Bolesław bezlitośnie i bez sądów zaczął wymierzać swoją sprawiedliwość. Dezerterów zabijał, a niewierne żony okrutnie upokarzał. Siał strach i śmierć, zapominając, że sam też nie jest bez winy i również niejednokrotnie dopuszczał się zdrady. Poddani byli zastraszeni. Duchowni bali się stanąć po ich stronie. Wszyscy okazali się bezsilni i bezradni wobec okrucieństwa króla. Woleli się nie narażać, dbając o własne głowy.
Tylko jeden człowiek odważnie mu się sprzeciwiał. Stanisław wiele razy stawał przed królem. Rozmawiali na osobności. Król jednak pozostawał nieugięty. Biskup zaczął więc napominać go
z ambony, lecz i to nie pomogło. Król próbował go oczerniać, osłabić autorytet biskupa i szacunek, jakim darzyli go ludzie. W końcu biskup nakazał księżom przerywanie Mszy św., ilekroć król wstąpi na nabożeństwo do kościoła.
Ani drgnie, wierny do końca
11 kwietnia 1079 roku Biskup Stanisław wraz z innymi duchownymi udał się do kościoła na Skałce, by odprawić Mszę Świętą przebłagalną za grzechy swoje i całego narodu oraz o nawrócenie króla. W trakcie sprawowania Eucharystii, prawdopodobnie już pod koniec, do świątyni z hukiem wkroczył król ze swoimi rycerzami. Idąc w stronę prezbiterium wyciągnął miecz. Podszedł do modlącego się biskupa i zanurzył miecz w jego głowie (w tamtych czasach kapłan sprawował Eucharystię w obrządku łacińskim, stojąc tyłem do ludzi). Rozkazał rycerzom wywlec ciało przed kościół, poćwiartować je i rozrzucić naokoło.

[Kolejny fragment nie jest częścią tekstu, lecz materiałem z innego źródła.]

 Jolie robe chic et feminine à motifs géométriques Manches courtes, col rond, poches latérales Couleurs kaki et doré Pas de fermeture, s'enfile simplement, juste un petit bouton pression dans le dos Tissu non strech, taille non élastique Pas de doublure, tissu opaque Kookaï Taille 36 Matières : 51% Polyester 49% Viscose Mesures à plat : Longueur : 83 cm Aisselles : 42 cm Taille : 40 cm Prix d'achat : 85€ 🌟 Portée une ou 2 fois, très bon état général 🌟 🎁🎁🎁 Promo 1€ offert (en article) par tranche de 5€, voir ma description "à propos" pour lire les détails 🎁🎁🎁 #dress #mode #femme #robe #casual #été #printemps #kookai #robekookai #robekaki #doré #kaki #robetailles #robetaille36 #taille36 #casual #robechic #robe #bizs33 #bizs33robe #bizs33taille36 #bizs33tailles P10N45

(Nie)spodziewane skutki okrutnego czynu
W ten sposób, diecezja straciła biskupa, a Polska – króla. Za mord na biskupie Bolesław utracił koronę, a lud odwrócił się od niego. Rzym natychmiast po morderstwie pozbawił polskiego króla tytułu chrześcijańskiego władcy. Musiał uciekać na Węgry i zmarł na wygnaniu. Do końca nie wiadomo, jak i kiedy się to stało. Niektóre przekazy wskazują na klasztor benedyktynów w Osjaku, gdzie męczony wyrzutami sumienia podobno pojednał się z Bogiem i w milczeniu pokutował za swoje grzechy. Tamtejsza ludność przekazała historię o Królu-Pokutniku.
Wieść o męczeństwie i odwadze biskupa Stanisława natomiast rozniosła się szybko po królestwie i poza jego granicami. Jego ciało pochowano w Krakowie w kościele na Skałce, a po 10 latach w uroczystej procesji przeniesiono do katedry na Wawelu.
Kult biskupa Stanisława
Mówiono, że rozrzucone przez rycerzy części ciała biskupa zrosły się i to miało symbolizować przyszłe zjednoczenie Królestwa Polskiego.

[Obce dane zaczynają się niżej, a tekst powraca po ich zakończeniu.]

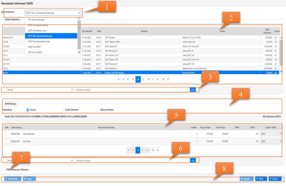 pendetilan informasi TKDN atas BAST Kontraktual maupun Non Kontraktual yang direkam pada

Bezdyskusyjny jest szybki rozwój kultu świętego. Za jego przyczyną działy się cuda, uzdrowienia. Kult krakowskiego biskupa rozszerzał się nie tylko ze względu na liczne łaski, ale głównie przez podziw za jego postawę wobec zła, jakiego był świadkiem.
Główny patron Polski
Liczne cuda i popularność kultu biskupa Stanisława ze Szczepanowa uwieńczone zostały kanonizacją przez papieża Innocentego IV w dniu 17 września 1253 r., w Asyżu (do dziś są tam freski przedstawiające polskiego świętego).
Na świecie św. Stanisława, biskupa i męczennika, wspomina się 11 kwietnia. W całej Polsce natomiast, a zwłaszcza w Krakowie, świętujemy 8 maja. Wtedy, z katedry na Wawelu, sprzed grobu świętego, wyrusza wielka procesja do kościoła na Skałce, do miejsca jego męczeństwa. Tam też, odbywa się uroczysta Msza Święta gromadząca biskupów, kapłanów i licznych przedstawicieli całego społeczeństwa.